* **Dataset section**

· · · ·

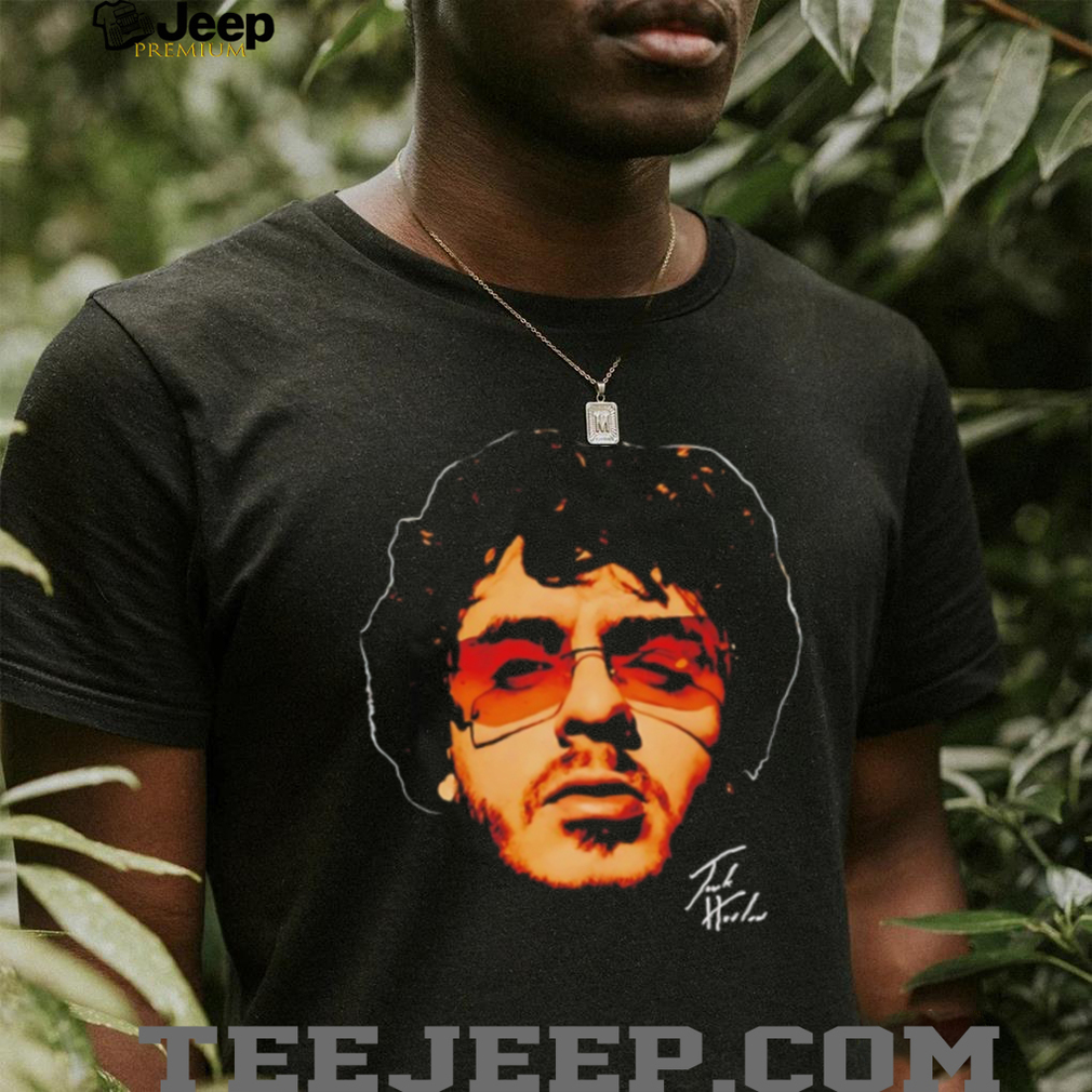 A stylish illustrated portrait tee of rapper Jack Harlow, complete with signature graphic design. A great gift for Jack Harlow fans who want to wear their favorite artist’s flair.
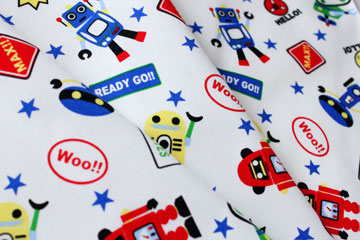 通常ロボット柄の生地は幼い感じの柄が多いのですが、こちらは全体的にオシャレ感のあるロボット柄です。
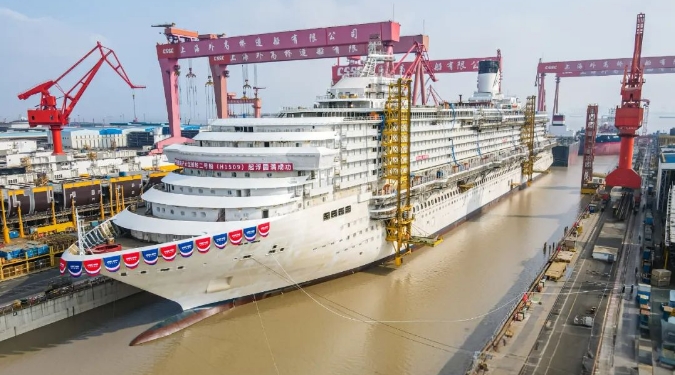 第二艘國產大型郵輪“愛達·花城號”完成塢內起浮

· · · ·

Word for word, give the data above again, without any images.

 A stylish illustrated portrait tee of rapper Jack Harlow, complete with signature graphic design. A great gift for Jack Harlow fans who want to wear their favorite artist’s flair.
 通常ロボット柄の生地は幼い感じの柄が多いのですが、こちらは全体的にオシャレ感のあるロボット柄です。
 第二艘國產大型郵輪“愛達·花城號”完成塢內起浮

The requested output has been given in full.